The Seattle Audubon Society has a fascinating web page about why farmers should grow and you should buy shade-grown coffee. The Smithsonian Migratory Bird Center has created a certification that we are pursuing that certifies coffee "shade grown, bird friendly." It turns out that coffee originally grew entirely in the shade. Recently, varieties of coffee were developed that thrived in full sunshine. The point of full-sun coffee was to increase yields. In fact, coffee plants that grow in full sun can produce up to 3 times as much coffee in a year, however, when these plants were introduced, along with them came the need for more fertilizers, herbicides, insecticides, and fungicides. Additionally, the soil was depleted by the plants, and there was more run-off of chemicals into the local water supplies. If you have seen Food Inc., or any other documentary about how the pursuit of higher-yielding plants and livestock have resulted in a more abundant but inferior food supply, then you know the story.

By sticking to shade-grown coffee, we follow the traditions of the native Nicaraguans, and we also protect the soil and water, not to mention protecting the native bird habitats by keeping intact the diverse vegetation that the birds require.
Young coffee plant. Notice the shade from bananas and other native trees falling across the bush.

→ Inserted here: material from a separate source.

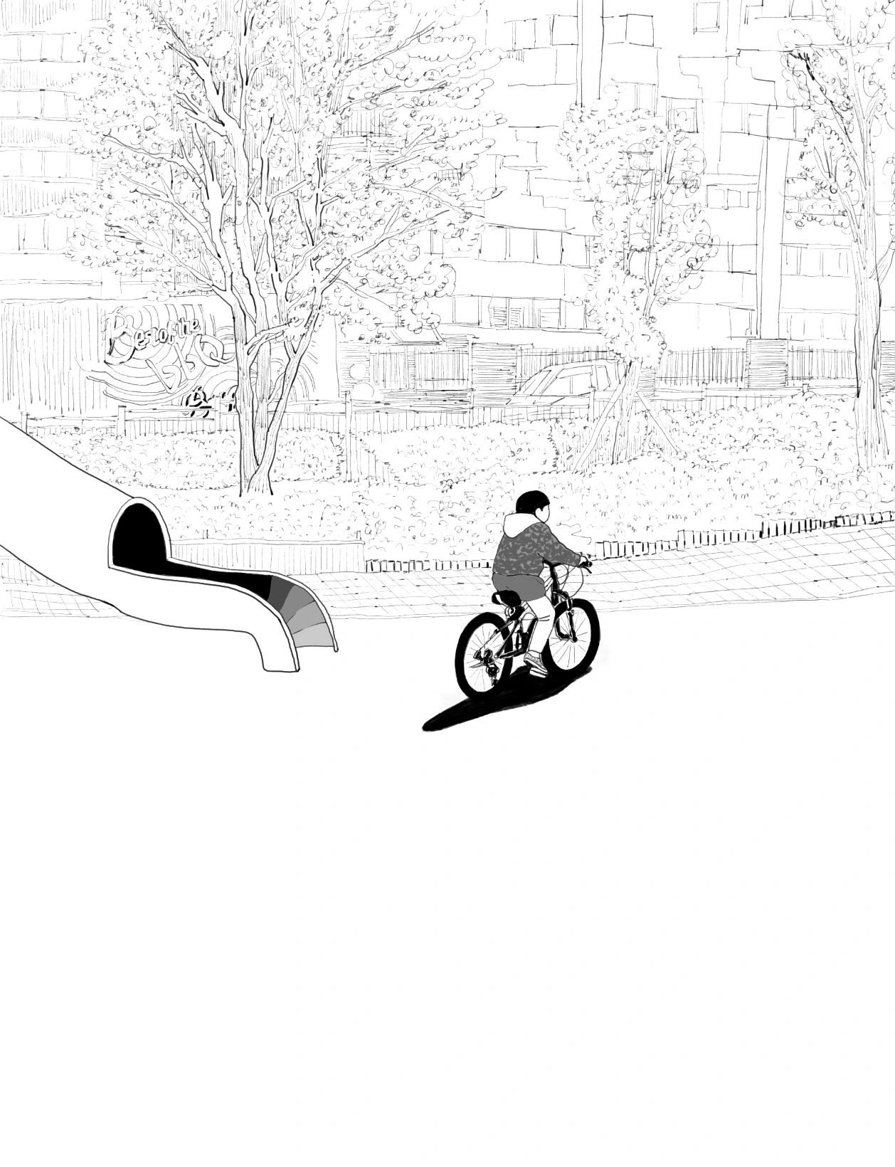 친구는 조용히 밤이가 타는 자전거를 코치마냥 바라보고있다. 자신의 몰랐던 능력을 발견했다며 기뻐하는 밤. 친구는 말한다. "조금만 더 타면 자유롭게 라이딩할 수 있을 거예요." 9살 친구의 호기로운 말이 귀여우면서 왠지 든든하다. 조만간 한 손으로도 탈 수 있을 거라며 자신이 지금 그렇게 탄다는깨알 자랑도 놓치지 않는다.

Also, if great taste is what you seek in a cup of coffee, any professional coffee taster will tell you that shade-grown coffee is a richer, more nuanced cup of coffee than full-sun-grown coffee.

Friday, December 9, 2011

Cafe Oro

Now that we have about 4,000-5,000 lbs. of "cafe oro," from our mature coffee plants this year, I realize I had better get hopping on finding retail outlets for our delicious Nicaraguan coffee. "Cafe oro" means golden coffee, which is the color of the coffee after the husks have been soaked off.This photo shows the unroasted beans, after husks and skin have been removed. This is what is called "cafe oro." Different countries grow different types of coffees, and each type of coffee is processed differently. Many coffees are dry processed. In Nicaragua, water is used to remove the papery skin, so cafe de oro requires that the coffee be dried in the sun. We are pretty small-scale at this point, so we are able to dry our coffee on these screens, propped up on saw horses and boards.

Large, commercial "beneficios" (coffee processing centers) use large outdoor concrete slabs (they kind of look like areas the size of multiple shuffle board courts) to dry the beans in the sun. On any sunny day, you can see the workers out in the drying areas with long-handled flat rakes moving the coffee around so it will all dry out. Thanks to Marvin del Cid for this photo.